Uma ótima maneira de começar a desenvolver o conteúdo do seu bot é entrevistar clientes reais sobre as oportunidades e pontos problemáticos que você espera resolver. Ouça suas perguntas e preocupações, forneça respostas e observe as perguntas de acompanhamento.

Você está fazendo isso corretamente se acabar com um documento de origem grande e confuso, com um fluxo de perguntas, respostas, perguntas de acompanhamento e mais respostas de acompanhamento. Deixe a conversa fluir naturalmente e acompanhe como ela progride e se ramifica. Observe o idioma que seus clientes usam para que você possa planejar e refletir de volta a eles como o bot responde.

Depois de obter uma grande pilha de material de origem, comece a categorizá-lo e organizá-lo para criar relacionamentos entre diferentes perguntas e respostas. Reescreva suas respostas na voz e no tom que você estabeleceu para o seu bot. Leia seu trabalho em voz alta para ver se soa natural, consistente e gentil.
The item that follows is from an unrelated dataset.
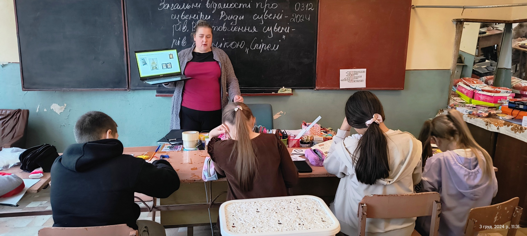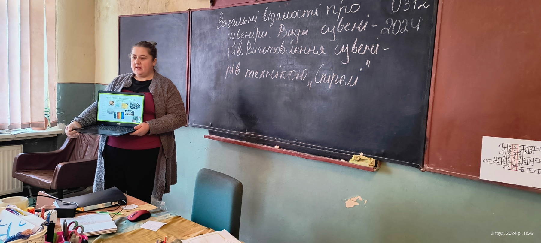 03 грудня вчитель технологій Жидик Н.А. провела відкритий урок на тему: “Загальні відомості про сувеніри. Види сувенірів (за призначенням, за матеріалом). Виготовлення сувеніру технікою “Спірелі”.

Reorganize perguntas e respostas em padrões para que você possa mapear o início, o meio e o fim das conversas para ver como a experiência flui. Você é capaz de resolver as preocupações do seu cliente?

Volte para seus clientes para ver como o que você criou funciona e parece para eles. Como eles se sentem sobre a voz e o tom no conteúdo? Você está perdendo pontos importantes? Parece que seu bot está tornando essa experiência mais fácil ou mais frustrante? Se as pessoas levarem mais tempo para obter a resposta do seu bot do que pelos métodos convencionais, um bot provavelmente não é a solução certa para você.

Pensamentos finais

As pessoas estão ocupadas e distraídas. Bots são legais, mas não suficientemente legais para que as pessoas sofram com uma experiência confusa, complicada ou ofensiva. Os chatbots e as interfaces de conversação estão se tornando comuns o suficiente para que os dias de atenção recebam apenas porque você cria uma interface de conversação em breve terminará. Como qualquer experiência com o produto, um bot só terá êxito se agregar valor aos seus clientes.

Vivemos no futuro e ainda não há um plano de como fazer esse trabalho. E o terreno está sempre mudando à medida que novas tecnologias e abordagens são desenvolvidas.

Eu adoraria ouvir como os outros estão abordando este trabalho (poste suas opiniões nos comentários).